On 17 Mar 2017, at 11:51, T.J. Usiyan wrote:

> Is there any sense of encoding versions (as in, changes to the JSON
> representation, for instance?) I don't know that it is necessarily a 
> good
> idea overall but now is the time to consider it.
>
> On Fri, Mar 17, 2017 at 2:27 PM, Matthew Johnson via swift-evolution <
> swift-evolution at swift.org> wrote:
>
>>
>> On Mar 17, 2017, at 1:15 PM, Itai Ferber via swift-evolution <
>> swift-evolution at swift.org> wrote:
>>
>> On 15 Mar 2017, at 22:58, Zach Waldowski wrote:
>>
>> Another issue of scale - I had to switch to a native mail client as
>> replying inline severely broke my webmail client. ;-)
>>
>> Again, lots of love here. Responses inline.
>>
>> On Mar 15, 2017, at 6:40 PM, Itai Ferber via swift-evolution <
>> swift-evolution at swift.org> wrote:
>> Proposed solution
>> We will be introducing the following new types:
>>
>> protocol Codable: Adopted by types to opt into archival. Conformance 
>> may
>> be automatically derived in cases where all properties are also 
>> Codable.
>>
>> FWIW I think this is acceptable compromise. If the happy path is 
>> derived
>> conformances, only-decodable or only-encodable types feel like a lazy 
>> way
>> out on the part of a user of the API, and builds a barrier to proper
>> testing.
>>
>> [snip]
>>
>> Structured types (i.e. types which encode as a collection of 
>> properties)
>> encode and decode their properties in a keyed manner. Keys may be
>> String-convertible or Int-convertible (or both), and user types which 
>> have
>> properties should declare semantic key enums which map keys to their
>> properties. Keys must conform to the CodingKey protocol:
>> public protocol CodingKey { <##snip##> }
>>
>> A few things here:
>>
>> The protocol leaves open the possibility of having both a String or 
>> Int
>> representation, or neither. What should a coder do in either case? 
>> Are the
>> representations intended to be mutually exclusive, or not? The 
>> protocol
>> design doesn’t seem particularly matching with the flavor of Swift; 
>> I’d
>> expect something along the lines of a CodingKey enum and the protocol
>> CodingKeyRepresentable. It’s also possible that the concerns of the 
>> two are
>> orthogonal enough that they deserve separate container(keyedBy:)
>> requirements.
>>
>> The general answer to "what should a coder do" is "what is 
>> appropriate for
>> its format". For a format that uses exclusively string keys (like 
>> JSON),
>> the string representation (if present on a key) will always be used. 
>> If the
>> key has no string representation but does have an integer 
>> representation,
>> the encoder may choose to stringify the integer. If the key has 
>> neither, it
>> is appropriate for the Encoder to fail in some way.
>>
>> On the flip side, for totally flat formats, an Encoder may choose to
>> ignore keys altogether, in which case it doesn’t really matter.
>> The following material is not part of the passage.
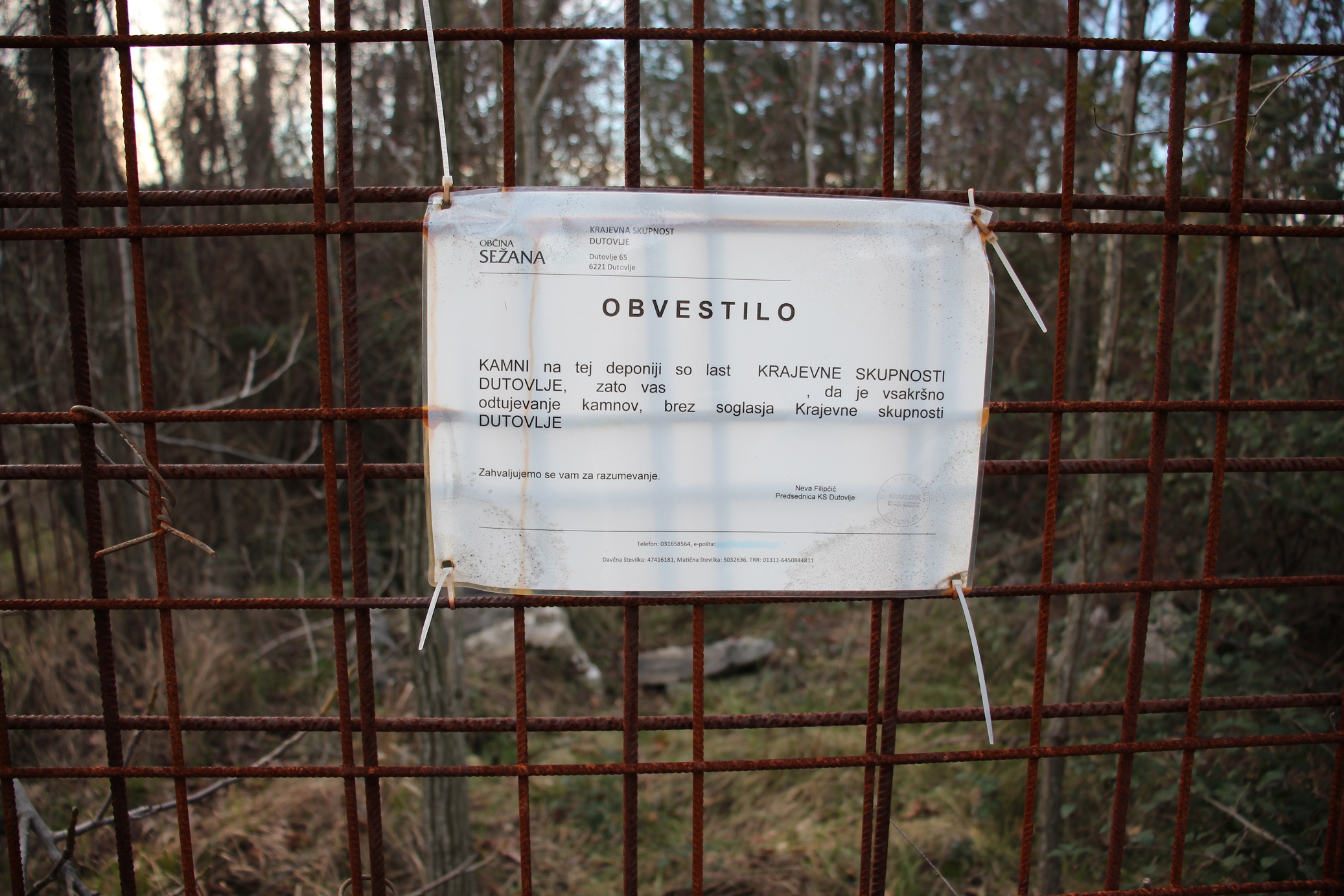 Mesto deponije smo obiskali takoj naslednji dan, v nedeljo in pričakala nas je žalostna podoba. V mreži je luknja, kar kaže na zelo verjetno krajo kamnov. O dogodku smo pisno obvestili predsednika Krajevne skupnosti Dutovlje.
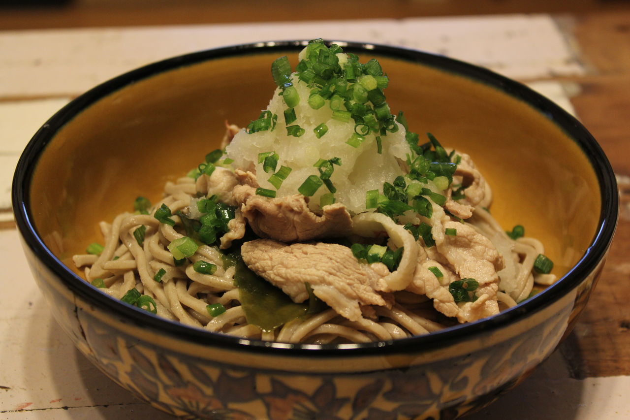 3.そばを水でよく〆る。器にそば、わかめ、にく、おろし、ねぎと盛り、つゆをかけて完成。

The 
>> choice
>> is up to the Encoder and its format.
>>
>> The string and integer representations are not meant to be mutually
>> exclusive at all, and in fact, where relevant, we encourage providing 
>> both
>> types of representations for flexibility.
>>
>> As for the possibility of having neither representation, this 
>> question
>> comes up often. I’d like to summarize the thought process here by 
>> quoting
>> some earlier review (apologies for the poor formatting from my mail 
>> client):
>>
>> If there are two options, each of which is itself optional, we have 4
>> possible combinations. But! At the same time we prohibit one 
>> combination by
>> what? Runtime error? Why not use a 3-case enum for it? Even further 
>> down
>> the rabbit whole there might be a CodingKey<> specialized for a 
>> concrete
>> combination, like CodingKey<StringAndIntKey> or just 
>> CodingKey<StringKey>,
>> but I’m not sure whether our type system will make it useful or 
>> possible…
>>
>> public enum CodingKeyValue {
>> case integer(value: Int)
>> case string(value: String)
>> case both(intValue: Int, stringValue: String)
>> }
>> public protocol CodingKey {
>> init?(value: CodingKeyValue)
>> var value: CodingKeyValue { get }
>> }
>>
>> I agree that this certainly feels suboptimal. We’ve certainly 
>> explored
>> other possibilities before sticking to this one, so let me try to 
>> summarize
>> here:
>>
>> * Having a concrete 3-case CodingKey enum would preclude the 
>> possibility
>> of having neither a stringValue nor an intValue. However, there is a 
>> lot of
>> value in having the key types belong to the type being encoded (more
>> safety, impossible to accidentally mix key types, private keys, 
>> etc.); if
>> the CodingKey type itself is an enum (which cannot be inherited 
>> from), then
>> this prevents differing key types.
>> * Your solution as presented is better: CodingKey itself is still a
>> protocol, and the value itself is the 3-case enum. However, since
>> CodingKeyValue is not literal-representable, user keys cannot be 
>> enums
>> RawRepresentable by CodingKeyValue. That means that the values must 
>> either
>> be dynamically returned, or (for attaining the benefits that we want 
>> to
>> give users — easy representation, autocompletion, etc.) the type 
>> has to be
>> a struct with static lets on it giving the CodingKeyValues. This 
>> certainly
>> works, but is likely not what a developer would have in mind when 
>> working
>> with the API; the power of enums in Swift makes them very easy to 
>> reach
>> for, and I’m thinking most users would expect their keys to be 
>> enums. We’d
>> like to leverage that where we can, especially since RawRepresentable 
>> enums
>> are appropriate in the vast majority of use cases.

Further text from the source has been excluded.